November 2, 2001
From: Jun Imamoto
There is a question about sea slug names. A scientific name is being used in the Forum because this is thought to be a universal name used throughout the world. In Japan we also have a Japanese name as well as the scientific name.
Chromodoris orientalis is called shiro-umiushi.
Elysia ornata is called konoha-midorigai.
But, there is a problem with these japanese names because there does not seem to be an organisation managing their use. This has lead to alternative 'Japanese names' being used. Is there a name other than the scientific name in Australia?
How are they managed if it is here? I am very interested in hearing your reply.
email@example.comImamoto, J., 2001 (Nov 2) About sea slug names . [Message in] Sea Slug Forum. Australian Museum, Sydney. Available from http://www.seaslugforum.net/find/5561
An interesting question. I have often wondered if there was some organisation which controlled or supervised the system of 'Japanese names' which has developed in Japan. As far as I know Japan is the only country that has developed this custom of giving a 'Japanese name' to species when they are first described.
In general, there are two types of common names which can be called 'Real' common names and 'Artificial' common names:
• Real Common Names are names that local people have used for an animal which is part of their local environment - something they eat, use for decoration, see all the time, etc. These names may have existed long before scientific names were invented. While such names are useful locally they can cause major problems nationally and worldwide. Fish are an excellent example of this. In Australia there may be 20 different common names used in different places for the same species of fish, and sometimes the same common name is used in different parts of Australia for different species of fish. So no-one knows what they are talking about when they buy & sell fish throughout the country. And the problems are even greater when Australians export fish to Europe, because many Australian names are derived from English names for quite different species of fish.

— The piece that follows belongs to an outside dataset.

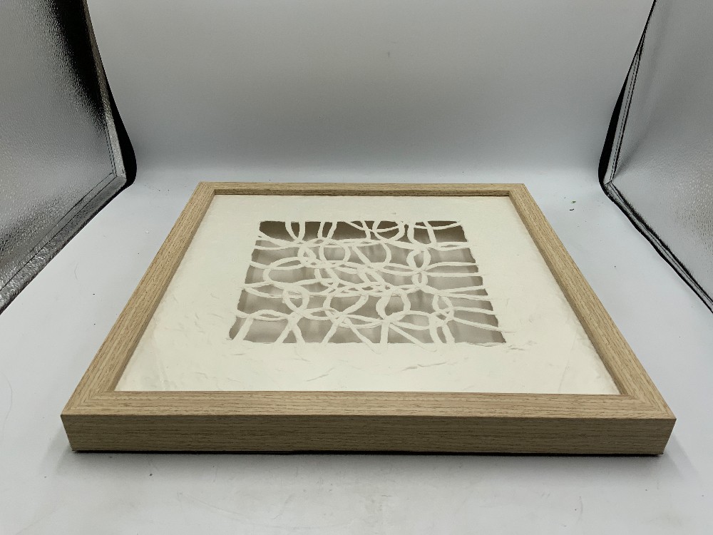 White rice paper shadow box wall art in light wood frame 14.2” wide x 1.4” long x 14.2” tall

This is why scientific names are so useful. An animal can have only one scientific name and it has worldwide currency. As well as being a 'name' it also gives us a short summary of the evolutionary history of the animal as well. In animals like opisthobranchs there are very few true 'common names' anywhere in the world. Apart from 'Sea Hare' (Aplysia spp) and 'Spanish Dancer' (Hexabranchus sanguineus) there are not many names in common daily use for opisthobranchs.
• Artificial Common Names
When you look at an identification guide book you will usually find there are 'common names' for all species. These are nonsense names - often no more than a bad translation of the scientific name. Why publishers and authors do this I have no idea - I guess they think their readers will be more comfortable with 'English names' but I think this is insulting to their readers who are quite capable of learning scientific names. I don't know if dinosaurs are popular with kids in Japan, but certainly in Australia most kids can tell you the long scientific names of their favourite dinosaurs. So if kids have no problem with these names why should adults?
I hope I haven't moved too far from your question, but I think manufactured common names are confusing and unnecessary. I would be interested to know whether it is a problem to write scientific names in the Japanese alphabet? If so perhaps this would explain the tradition of 'Japanese names'.